Edwards Lifesciences Corporation SAPIEN Transcatheter Heart Valve Demonstrates Substantial Improvement in Quality of Life in Inoperable Patients

CHICAGO, IL--(Marketwire - November 15, 2010) - Edwards Lifesciences Corporation (NYSE: EW), the global leader in the science of heart valves and hemodynamic monitoring, today announced that in addition to the improved survival seen in inoperable aortic stenosis patients treated with the Edwards SAPIEN transcatheter heart valve in The PARTNER Trial, a newly released analysis of the same patients shows that they also experienced substantially better quality of life. These results were presented today at the American Heart Association’s Scientific Sessions 2010.

“The degree and immediacy of the quality of life improvement was striking, with significant benefits seen as early as one month. By one year, patients experienced both cardiovascular and physical health benefits, with the physical improvements roughly comparable to a 10-year reduction in age,” said David J. Cohen, M.D., M.Sc., Director of Cardiovascular Research at St. Luke’s Mid America Heart and Vascular Institute, and principal investigator for the quality of life sub-study that was funded by Edwards. “Quality of life is critically important, particularly for patients like those in this trial -- and they are not just surviving, but also thriving.”

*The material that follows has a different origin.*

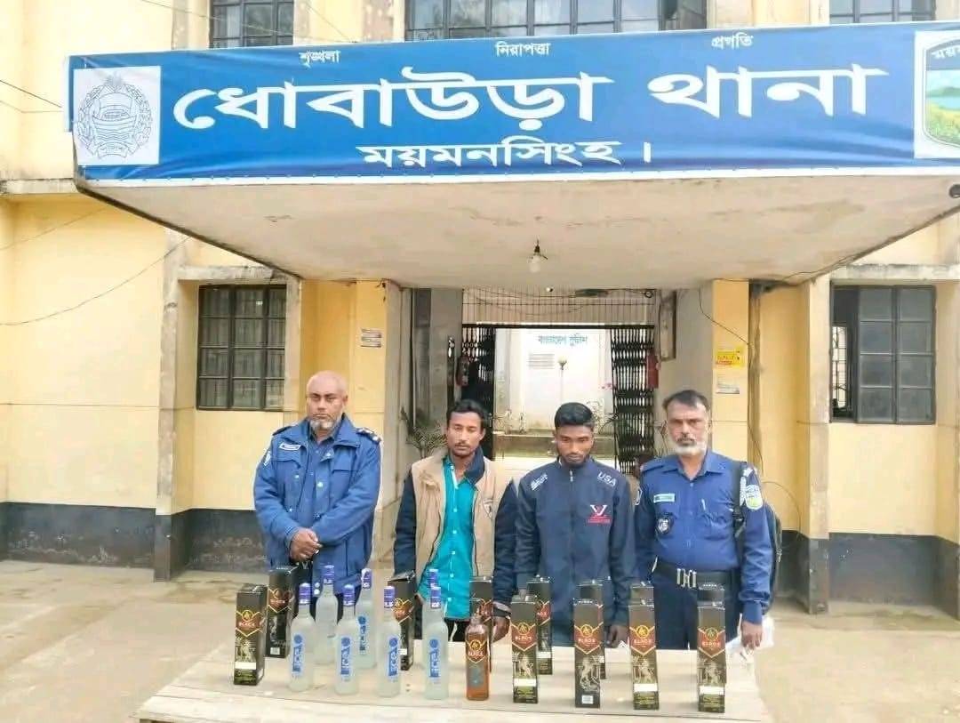 ময়মনসিংহের ধোবাউড়ায় ১৯ বোতল ভারতীয় নিসিদ্ধ মদ সহ দুইজনকে গ্রেপ্তার করেছে ধোবাউড়া থানা পুলিশ, গ্রেপ্তারকৃত হুমায়ূন কবির (২৬) শহিদুল ইসলাম (২৮) তাদের বাড়ি উপজেলার দুধনই গ্রামের আ: ছাত্তার ও পূর্ব সোহাগীপাড়া ফজলু মিয়ার ছেলে।

The 358 patients were assessed upon enrollment in The PARTNER Trial, and at follow-up intervals of one month, six months and 12 months, on a broad range of factors, such as their symptoms, physical and social limitations, and heart-failure related quality of life. Several scientifically validated surveys were used to collect information from the patient’s own perspective, including the Kansas City Cardiomyopathy Questionnaire (KCCQ), the SF-12 Health Status Survey and the EQ-5D (EuroQOL).

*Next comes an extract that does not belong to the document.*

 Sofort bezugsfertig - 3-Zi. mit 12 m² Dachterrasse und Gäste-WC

On a scale from 0 to 100, where a 20-point improvement is considered substantial, the Edwards transcatheter valve patients had a 25-point improvement in quality of life scores compared to the control group at one year, using the KCCQ instrument. Similarly positive results were demonstrated for the other two surveys.

The PARTNER Trial is the first randomized, controlled pivotal trial of a transcatheter aortic heart valve. The Edwards SAPIEN transcatheter valve is an investigational device in the United States and not yet available commercially in this country.

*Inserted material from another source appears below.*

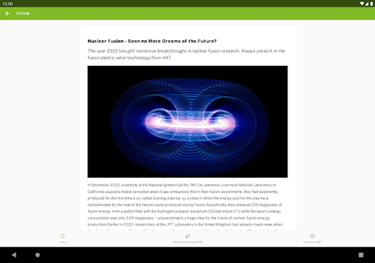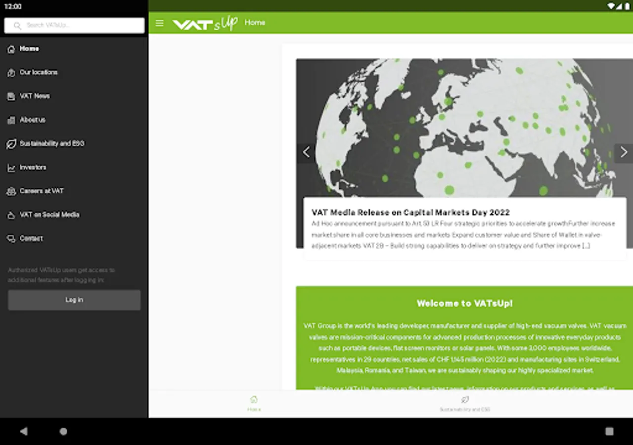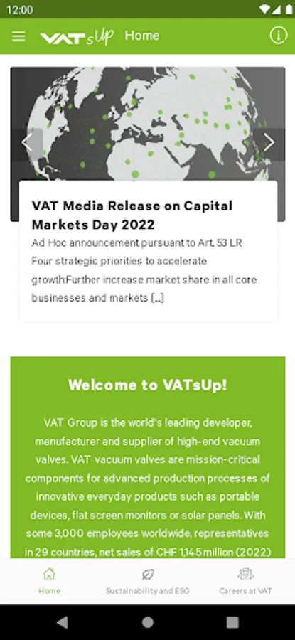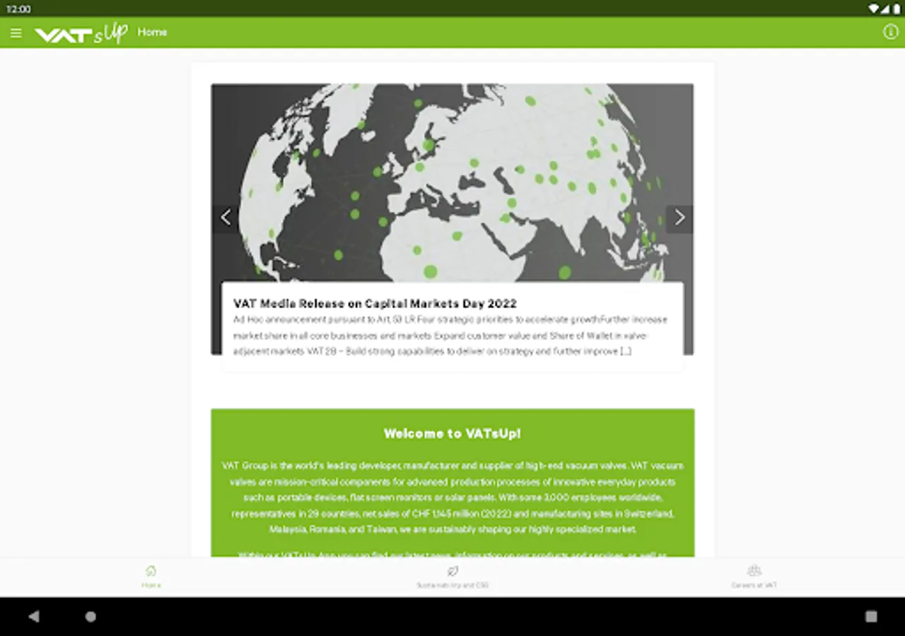 In VATsUp you can find the latest information and news from the VAT Group, discover our locations and our sustainability program, and see our open positions in our career portal. Enjoy exploring VATsUp!

[Editor’s note: An online press kit with information and graphics related to The PARTNER Trial is available -- to obtain a username and password, contact Edwards at (949) 250-5070.]

About Edwards Lifesciences
Edwards Lifesciences is the global leader in the science of heart valves and hemodynamic monitoring. Driven by a passion to help patients, the company partners with clinicians to develop innovative technologies in the areas of structural heart disease and critical care monitoring that enable them to save and enhance lives. Additional company information can be found at www.edwards.com.

This news release includes forward-looking statements within the meaning of Section 27A of the Securities Act of 1933 and Section 21E of the Securities Exchange Act of 1934. These forward-looking statements can sometimes be identified by the use of words such as “may,” “will,” “should,” “anticipate,” “believe,” “plan,” “project,” “estimate,” “expect,” “intend,” or other similar expressions and include, but are not limited to, the timing and progress of clinical studies relating to the company’s transcatheter valve technologies and the market opportunity for transcatheter technologies. Forward-looking statements are based on estimates and assumptions made by management of the company and are believed to be reasonable, though they are inherently uncertain and difficult to predict. Our forward-looking statements speak only as of the date on which they are made and we do not undertake any obligation to update any forward-looking statement to reflect events or circumstances after the date of the statement.

Forward-looking statements involve risks and uncertainties that could cause actual results or experience to differ materially from that expressed or implied by the forward-looking statements. Factors that could cause actual results or experience to differ materially from that expressed or implied by the forward-looking statements are detailed in the company’s filings with the Securities and Exchange Commission including its Annual Report on Form 10-K for the year ended December 31, 2009.

Edwards is a trademark of Edwards Lifesciences Corporation. Edwards Lifesciences, the stylized E logo and Edwards SAPIEN are trademarks of Edwards Lifesciences Corporation and are registered in the United States Patent and Trademark Office.